Войдя в студию, Витек замер на пороге. И было от чего, особенно для непривычного человека. Представьте себе огромную залищу, где вполне можно разместить пару теннисных кортов. С потолка, словно в каком-то угрюмом магазине электротоваров, свисают вниз сотни черных единообразных светильников: некоторые горят, но большинство из них мертвы. Еще павильон напоминает гигантский чулан: в пыльном полумраке свалены самые невообразимые вещи. Но в отличие от классического бабушкиного чулана, где наткнешься на старый трехколесный велосипед (привет из детства!), поломанную птичью клетку и выношенную обувь, в павильоне все по-другому! Здесь можно вдруг увидеть настоящую кухню со всей необходимой кастрюльной утварью. Это осталось от передачи «Варим-парим», которую ведет знаменитый рок-певец Комаревич, похожий на счастливого кролика. Чуть правее – натуральный колодезный сруб с «журавлем». Его не успели вывезти после закончившегося на прошлой неделе фольклорного фестиваля «Пойду ль – выйду ль я!». А слева можно обнаружить огромный валун – наверное, все-таки из пенопласта – с надписью, сделанной церковно-славянской вязью:
КУДА ПОЙТИ УЧИТЬСЯ?
Тоже от какой-то передачи для абитуриентов. Я не говорю уже о завалах разной мелочи – стульях, креслах, ломберных столиках, полочках, подставках, горшках с вечнопластмассовыми фикусами и прочем не поддающемся учету разнообразии. И вот посреди этого захламленного полумрака расчищена и ярко освещена совсем крошечная площадка, а на ней – журнальный столик с затейливой икебаной и два кресла. Именно на эту площадку направлен свет горящих на треногах юпитеров. Именно на эту площадку нацелены большие черные телевизионные камеры, возле которых стоят хмурые люди в огромных наушниках. Именно на этой площадке толкутся несколько суетливых женщин, без конца что-то замеряя, поправляя, подвигая, просовывая и бранясь при этом промеж собой… То там, то здесь раздается полный ужаса вопль: «Скорее!.. Через семь минут эфир… Где эта чертова ведущая со своим идиотом?!» Рядом с операторами в кресле сидит обессиленная и белая как мел женщина. Когда-то она с помощью химии сделалась соломенной блондинкой, но потом в телевизионной суматохе совершенно позабыла про это, отчего ее прическа стала напоминать двухслойное черно-белое суфле. Ей, обессиленной, капают в стакан валерьянку. Ей плохо: внезапно и, очевидно, навсегда она утратила смысл жизни заодно с верой в людей. Такое случается с ней перед каждым прямым эфиром. Она – режиссер. Жуткая профессия!

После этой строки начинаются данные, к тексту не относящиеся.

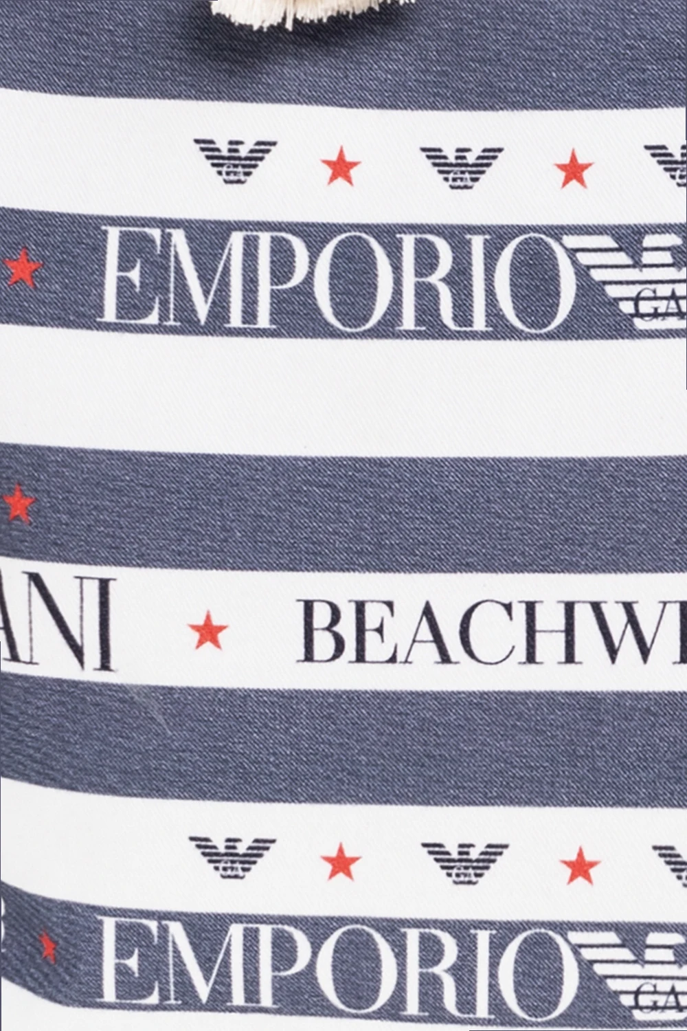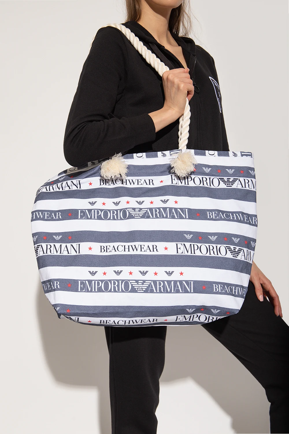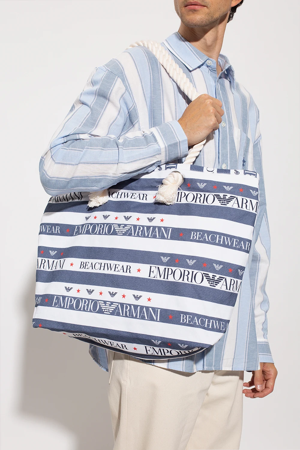 White and navy beach bag from Emporio Armani, the ‘Swimwear’ collection. Crafted from cotton, this design features a zip fastening, stripe pattern, red star, logo detail, two half-round handles, silver-tone metal hardware and one internal compartment with one zip pocket.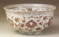 說 明: 胎質(zhì)精細(xì),色潔白.釉色白中閃青,施釉較厚.紋飾線條流暢,圖案清晰,呈色艷麗.燒制釉里紅器火候不易控制,呈色多不穩(wěn)定,而此碗為釉里紅器中成功之作.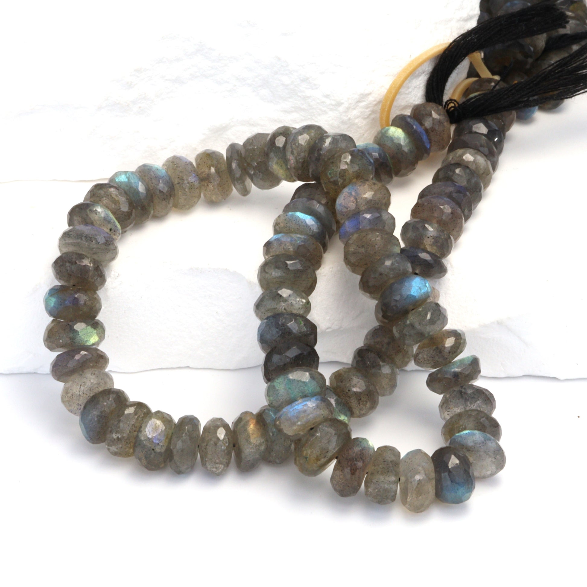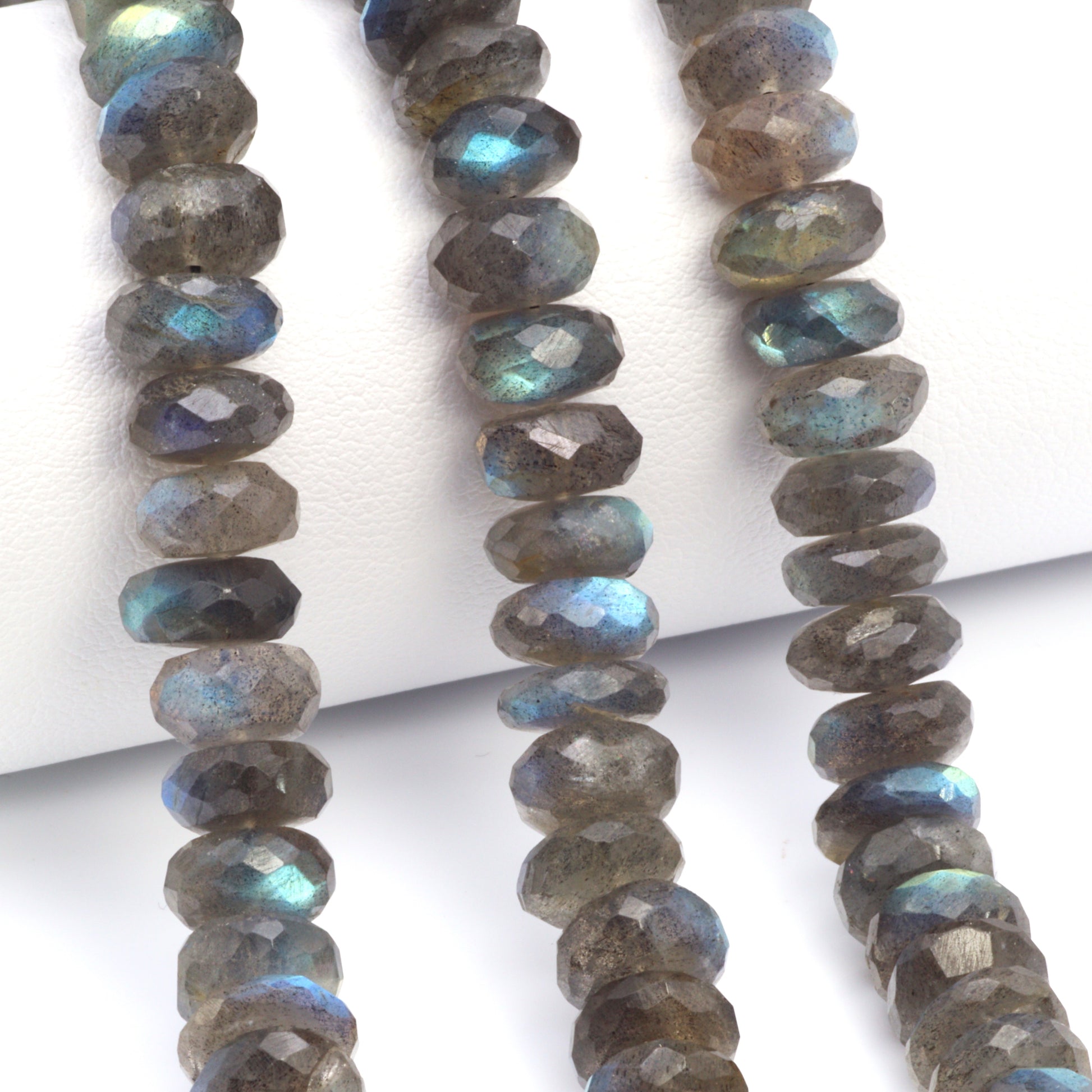 Natural Blue Labradorite 8mm Faceted Rondelles Bead Strand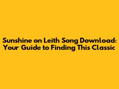 Hey guys! Are you trying to find the legendary song "Sunshine on Leith" to add to your playlist? You've come to the right place! This iconic track has captured hearts for decades, and knowing where to download it legally and safely is super important. In this article, we’ll explore the best options for getting your hands on this timeless tune. Let’s dive in and get you listening to "Sunshine on Leith" in no time!

Увидев появившуюся на пороге Стеллу и Витька, она отпихивает протянутый ей стакан с успокаивающими каплями, вскакивает как ужаленная и кидается навстречу вошедшим с тем жутким выражением лица и с теми ужасными выражениями, с какими доведенный до бешенства рецидивист бросается, чтобы порезать бритвой оборзевшего фраера. Однако на бегу лицо ее вдруг меняется, возникает застенчивая улыбка, а брань как-то сама собой привычно преображается в счастливое воркование:
– Стеллочка, у вас изумительная прическа! Дайте телефончик мастера. А вы и есть знаменитый Акашин? Очень приятно… Прошу на площадку! Стелочка, где вы нашли такого импозантного мужчину? Писатели обычно лысые и скрюченные… Ах, озорница, поделитесь!
Шлапоберская даже не успела ответить, а режиссерша, подхватив Витька, вывела его на освещенное место и усадила в кресло. Рядом устроилась Стелла и, вглядываясь в свое изображение на экране монитора, как в зеркало, начала поправляться и припудриваться. Подскочила длинноногая девушка и пристегнула обоим крошечные черные микрофончики-петлички. Витек испуганно покосился на микрофон, точно на ползущую по лацкану осу. Подбежала еще одна девушка, одетая в коротенький нейлоновый халатик, и специальной мягкой кисточкой припудрила бисерно вспотевший от волнения и жара юпитеров Витькин лоб.
– Эфир через минуту! – сверху, точно из поднебесья, раздался оглушительно усиленный динамиками мужской голос. – Всем приготовиться!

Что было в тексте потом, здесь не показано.